**DATA EXTRACT**
..............................
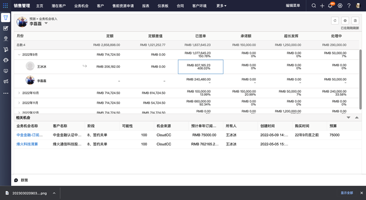 ○ 最後係統根據X公司季度預測的周期,設定了每一位銷售的季度銷售任務,通過銷售預測看板,X公(gong)司(si)的(de)銷(xiao)售(shou)總(zong)監(jian)直(zhi)觀(guan)且(qie)清(qing)晰(xi)地(di)掌(zhang)握(wo)了(le)目(mu)前(qian)所(suo)有(you)銷(xiao)售(shou)團(tuan)隊(dui)以(yi)及(ji)每(mei)一(yi)位(wei)銷(xiao)售(shou)代(dai)表(biao)的(de)業(ye)績(ji)預(yu)測(ce)情(qing)況(kuang)。通(tong)過(guo)銷(xiao)售(shou)預(yu)測(ce)看(kan)板(ban),能(neng)夠(gou)及(ji)時(shi)了(le)解(jie)到(dao)銷(xiao)售(shou)是(shi)否(fou)有(you)足(zu)夠(gou)的(de)商(shang)機(ji)支(zhi)撐(cheng)其(qi)未(wei)來(lai)一(yi)段(duan)時(shi)間(jian)的(de)銷(xiao)售(shou)業(ye)績(ji)達(da)成(cheng)。也(ye)能(neng)夠(gou)看(kan)到(dao)支(zhi)撐(cheng)每(mei)個(ge)預(yu)測(ce)類(lei)別(bie)的(de)具(ju)體(ti)商(shang)機(ji)有(you)哪(na)些(xie),通(tong)過(guo)跟(gen)深(shen)入(ru)了(le)解(jie)這(zhe)些(xie)商(shang)機(ji)的(de)情(qing)況(kuang),銷(xiao)售(shou)總(zong)監(jian)有(you)了(le)一(yi)個(ge)總(zong)體(ti)的(de)判(pan)斷(duan),哪(na)些(xie)銷(xiao)售(shou)比(bi)較(jiao)保(bao)守(shou),哪(na)些(xie)銷(xiao)售(shou)比(bi)較(jiao)樂(le)觀(guan)。
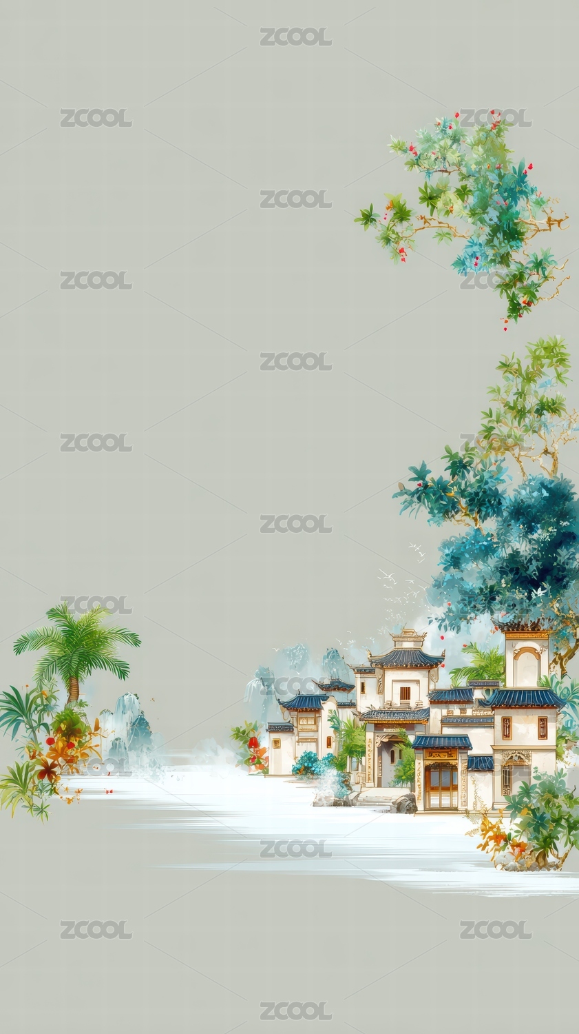 光影,绿树,建筑,古塔,庭院,亭台,飞檐,水池,花草
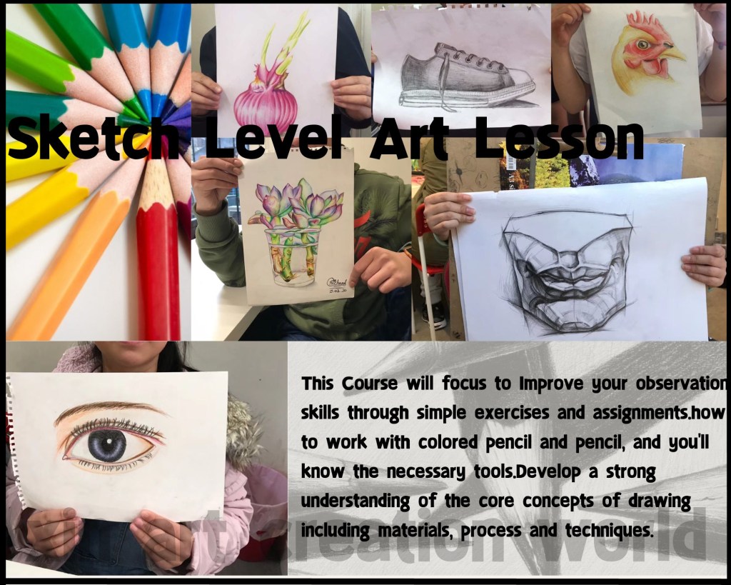 – The correct way of coloring and combining them in a sketch with colored pencils, and at last sketching the very beautiful and simple models.
..............................
**WHAT THE EXERCISE ASKS**
Word for word, quote the lines above. Omit the pictures.

**FINAL ANSWER**
 ○ 最後係統根據X公司季度預測的周期,設定了每一位銷售的季度銷售任務,通過銷售預測看板,X公(gong)司(si)的(de)銷(xiao)售(shou)總(zong)監(jian)直(zhi)觀(guan)且(qie)清(qing)晰(xi)地(di)掌(zhang)握(wo)了(le)目(mu)前(qian)所(suo)有(you)銷(xiao)售(shou)團(tuan)隊(dui)以(yi)及(ji)每(mei)一(yi)位(wei)銷(xiao)售(shou)代(dai)表(biao)的(de)業(ye)績(ji)預(yu)測(ce)情(qing)況(kuang)。通(tong)過(guo)銷(xiao)售(shou)預(yu)測(ce)看(kan)板(ban),能(neng)夠(gou)及(ji)時(shi)了(le)解(jie)到(dao)銷(xiao)售(shou)是(shi)否(fou)有(you)足(zu)夠(gou)的(de)商(shang)機(ji)支(zhi)撐(cheng)其(qi)未(wei)來(lai)一(yi)段(duan)時(shi)間(jian)的(de)銷(xiao)售(shou)業(ye)績(ji)達(da)成(cheng)。也(ye)能(neng)夠(gou)看(kan)到(dao)支(zhi)撐(cheng)每(mei)個(ge)預(yu)測(ce)類(lei)別(bie)的(de)具(ju)體(ti)商(shang)機(ji)有(you)哪(na)些(xie),通(tong)過(guo)跟(gen)深(shen)入(ru)了(le)解(jie)這(zhe)些(xie)商(shang)機(ji)的(de)情(qing)況(kuang),銷(xiao)售(shou)總(zong)監(jian)有(you)了(le)一(yi)個(ge)總(zong)體(ti)的(de)判(pan)斷(duan),哪(na)些(xie)銷(xiao)售(shou)比(bi)較(jiao)保(bao)守(shou),哪(na)些(xie)銷(xiao)售(shou)比(bi)較(jiao)樂(le)觀(guan)。
 光影,绿树,建筑,古塔,庭院,亭台,飞檐,水池,花草
 – The correct way of coloring and combining them in a sketch with colored pencils, and at last sketching the very beautiful and simple models.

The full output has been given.